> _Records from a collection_
================
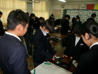 本日6限目、2年3組で席書会を行いました。班で協力して作品を仕あげていました。
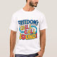 The "Freedom's Call Sounds" t-shirt design features a bold, dynamic graphic of a trumpet with vibrant sound waves radiating outward. The trumpet, depicted in a stylised, modern manner, symbolises the powerful and resonant call for freedom. The sound waves are illustrated with energetic, flowing lines and colours, emphasizing the impact and reach of this call. The design combines elements of musical and patriotic symbolism, creating a striking visual representation of the theme of liberation and self-expression.
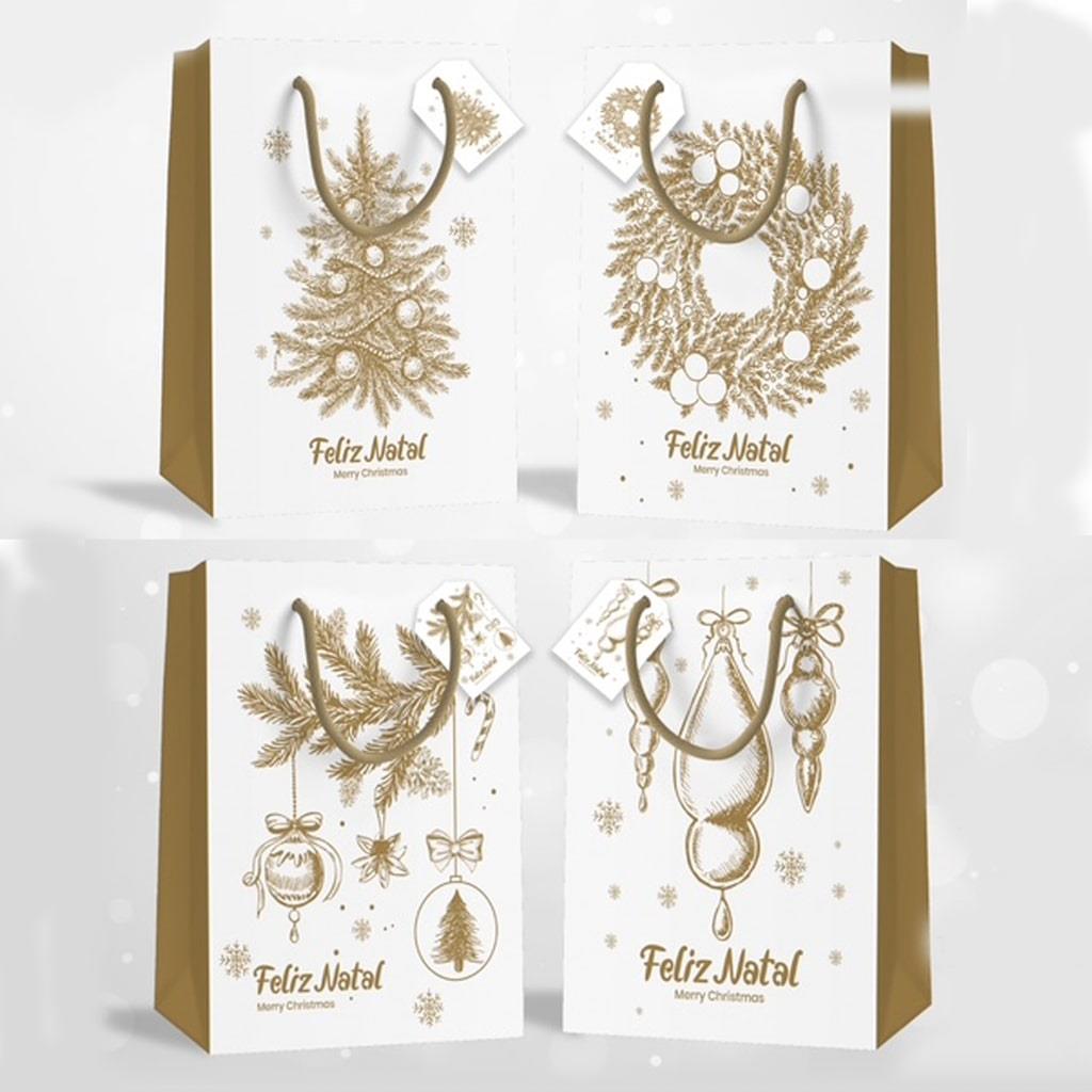 Saco de Papel Feliz Natal Dourado Médio
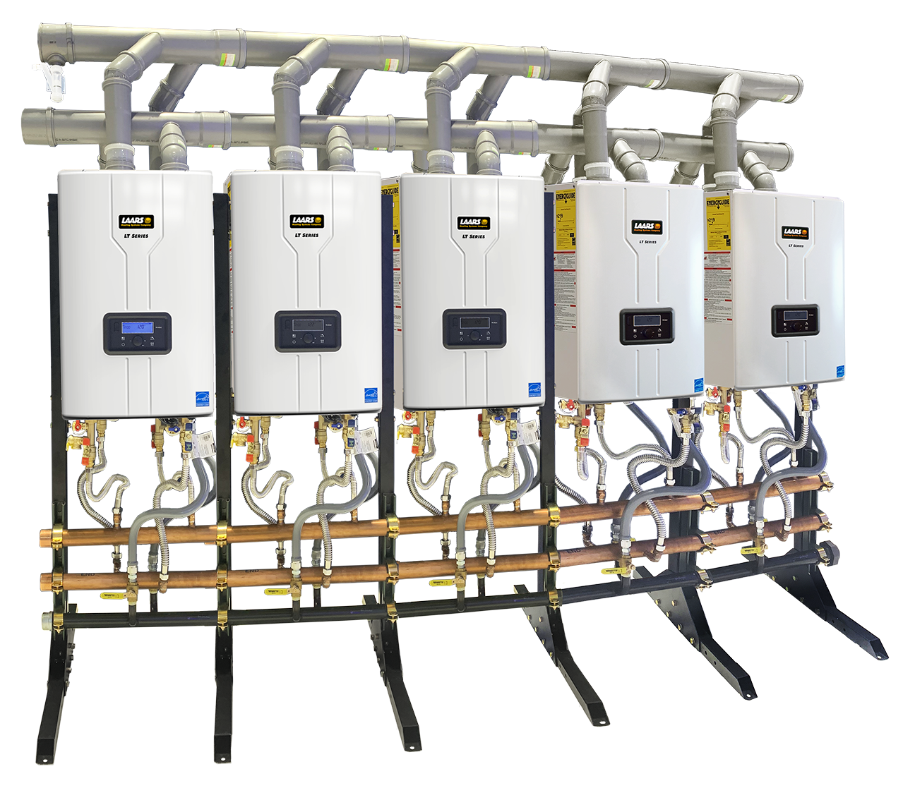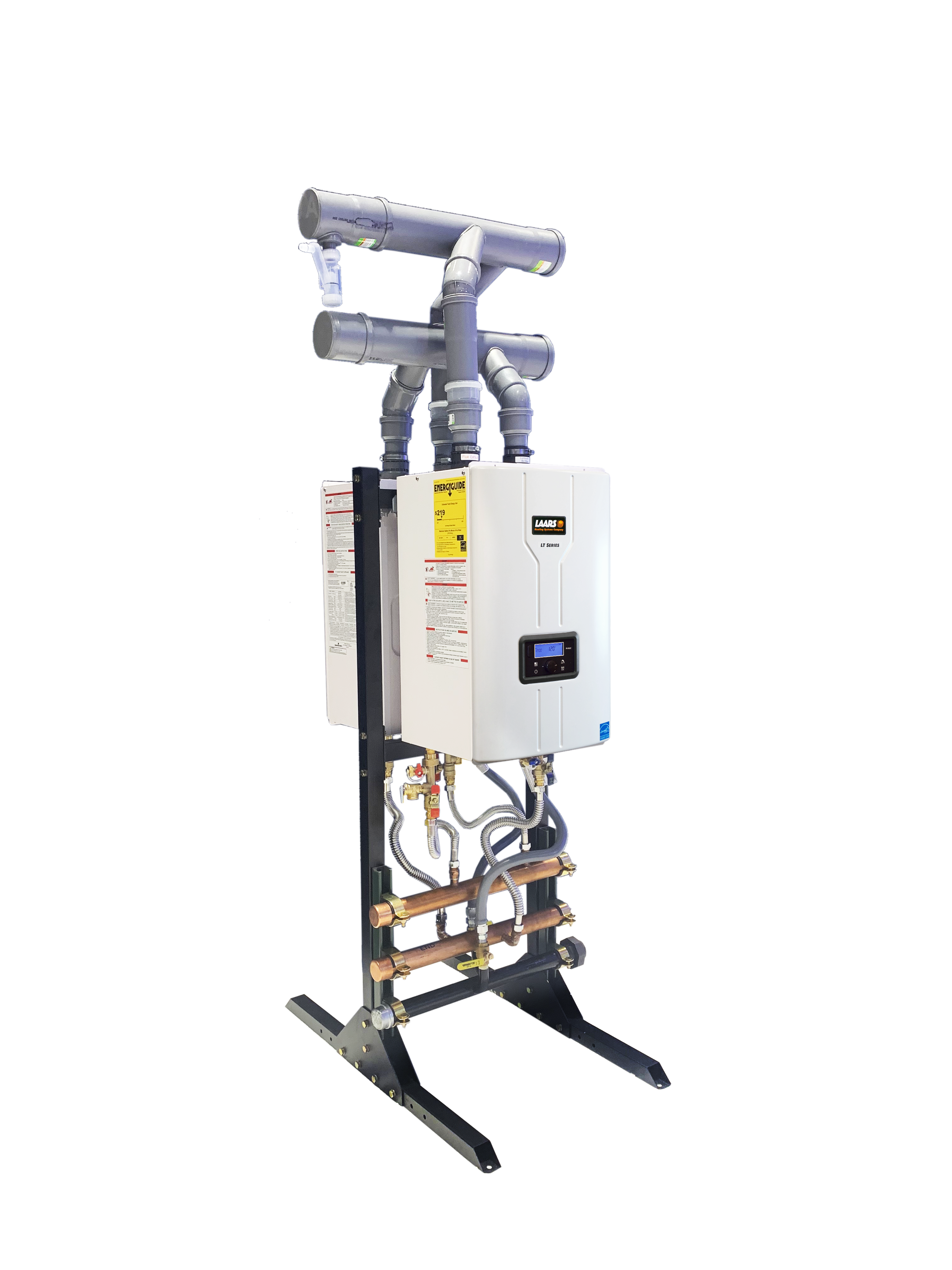 Kit includes: Inlet and outlet water pipe manifolds, gas pipe manifold, 150 psi PRV, shut off valves, end caps, mounting struts and pipe clamps, and coupling, unions and adapters.
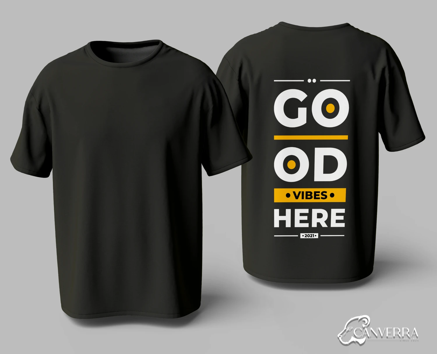 Bold Back Print: Features a minimalist "Good Vibes Here" typographic design for a modern statement.
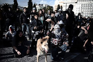 Είναι το ίδιο σκυλί σε κάθε εικόνα και είναι αστείο πώς λαμβάνει μέρος σε διαδηλώσεις και πάντα με την πλευρά των
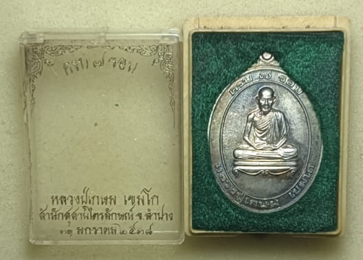 เหรียญสวยตามรูปครับ เนื้อกะหลั่ยเงินครับ กล่องหูชำรุดครับ |
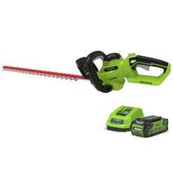 Reclaim control of your hedges with The Greenworks quiet, dual action blade hedge trimmer. This battery powered product gets the job done efiiciently and easily/ Lightweight and comfortable when cutting both verticall and horizontally.
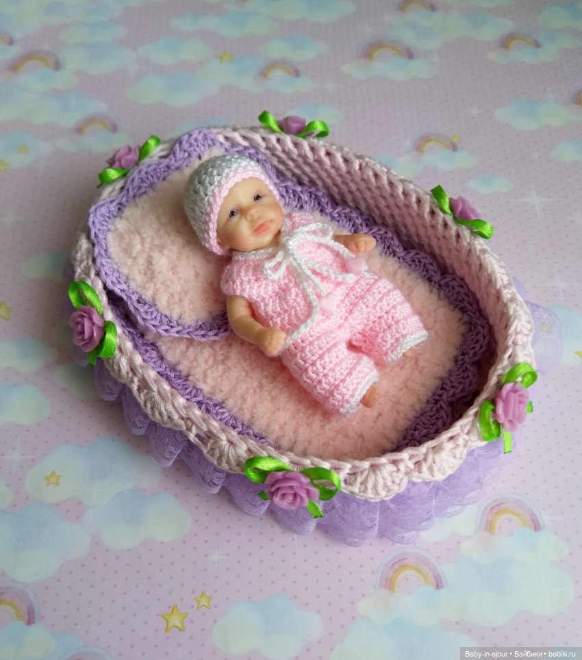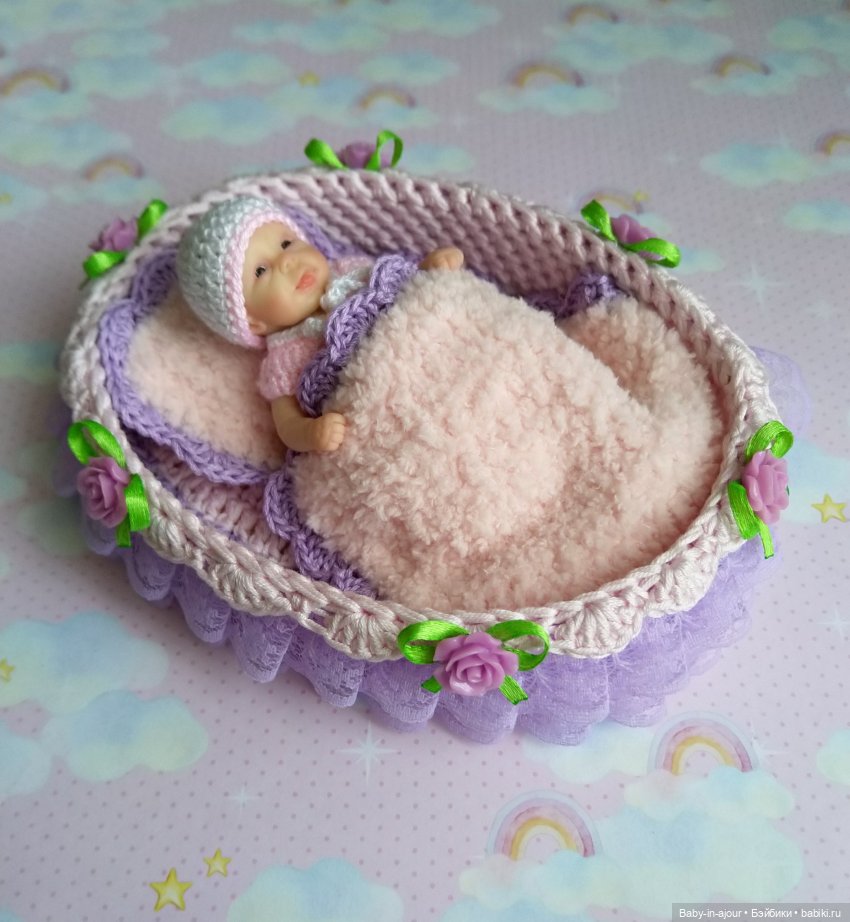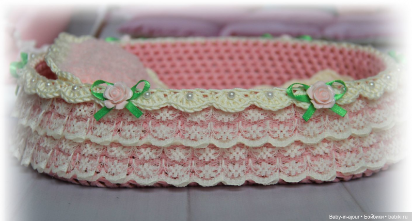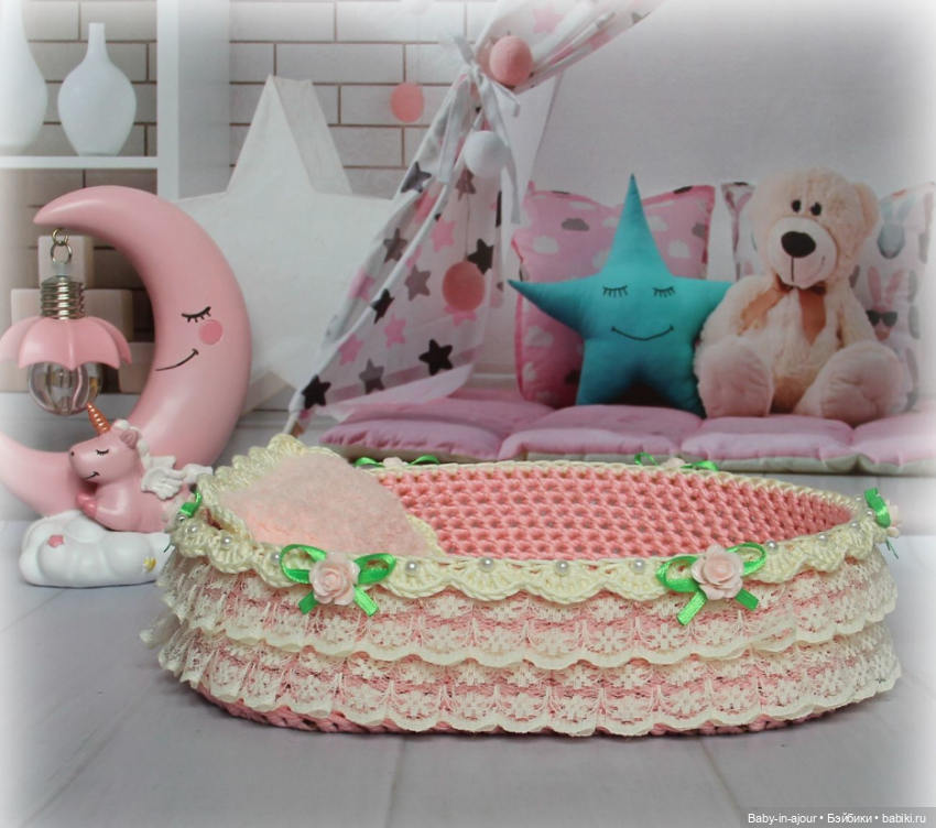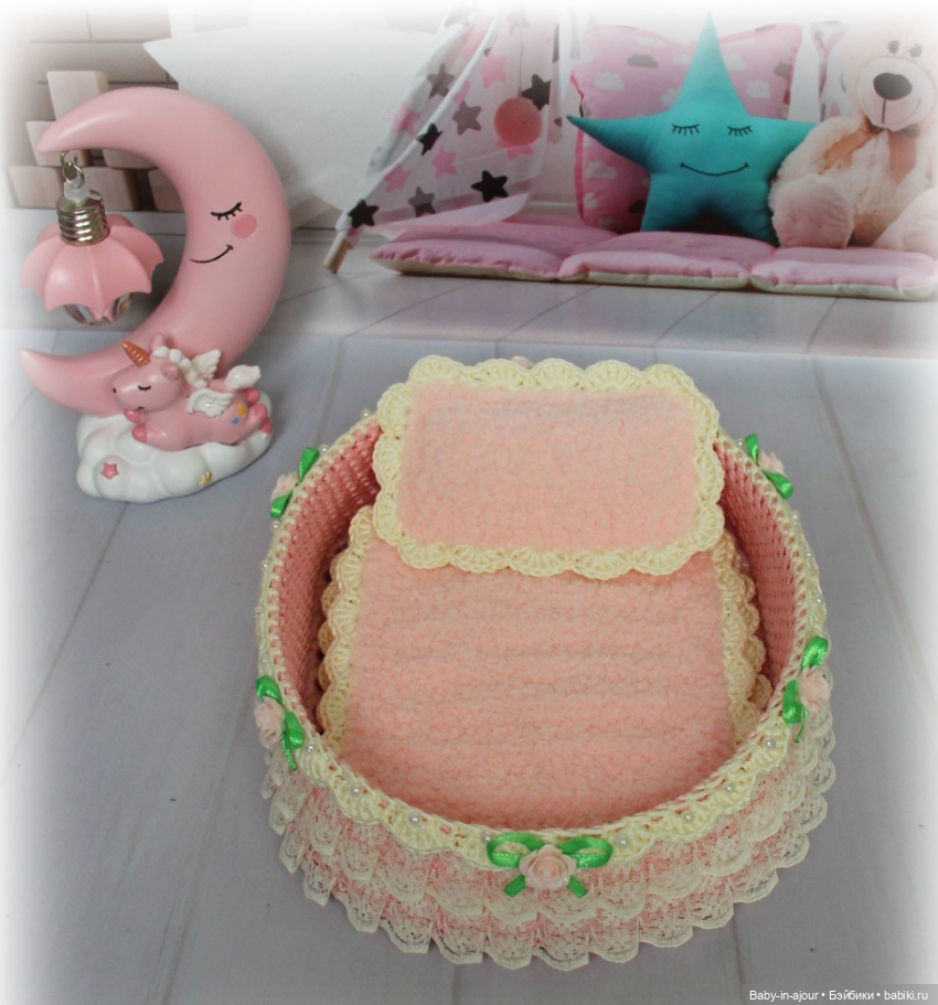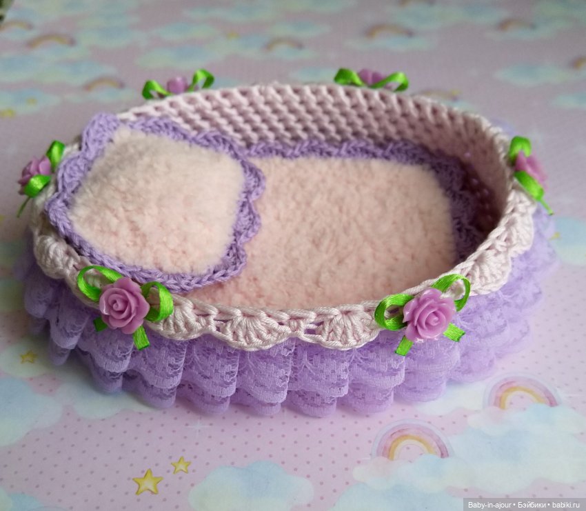 Дно у кроватки деревянное, очень прочное, бортики жёсткие, в них ввязан каркас. Украшена кроватка лёгким кружевом, розочками, бусинами. Дополняют кроватку очень уютные одеяло и подушечка, они связаны из невероятно мягких плюшевых ниточек.
================
> _PROBLEM TO WORK ON_
This task calls for an exact copy of the data above, without pictures.

> _EXERCISE OUTPUT_
 本日6限目、2年3組で席書会を行いました。班で協力して作品を仕あげていました。
 The "Freedom's Call Sounds" t-shirt design features a bold, dynamic graphic of a trumpet with vibrant sound waves radiating outward. The trumpet, depicted in a stylised, modern manner, symbolises the powerful and resonant call for freedom. The sound waves are illustrated with energetic, flowing lines and colours, emphasizing the impact and reach of this call. The design combines elements of musical and patriotic symbolism, creating a striking visual representation of the theme of liberation and self-expression.
 Saco de Papel Feliz Natal Dourado Médio
 Kit includes: Inlet and outlet water pipe manifolds, gas pipe manifold, 150 psi PRV, shut off valves, end caps, mounting struts and pipe clamps, and coupling, unions and adapters.
 Bold Back Print: Features a minimalist "Good Vibes Here" typographic design for a modern statement.
 Είναι το ίδιο σκυλί σε κάθε εικόνα και είναι αστείο πώς λαμβάνει μέρος σε διαδηλώσεις και πάντα με την πλευρά των
 เหรียญสวยตามรูปครับ เนื้อกะหลั่ยเงินครับ กล่องหูชำรุดครับ |
 Reclaim control of your hedges with The Greenworks quiet, dual action blade hedge trimmer. This battery powered product gets the job done efiiciently and easily/ Lightweight and comfortable when cutting both verticall and horizontally.
 Дно у кроватки деревянное, очень прочное, бортики жёсткие, в них ввязан каркас. Украшена кроватка лёгким кружевом, розочками, бусинами. Дополняют кроватку очень уютные одеяло и подушечка, они связаны из невероятно мягких плюшевых ниточек.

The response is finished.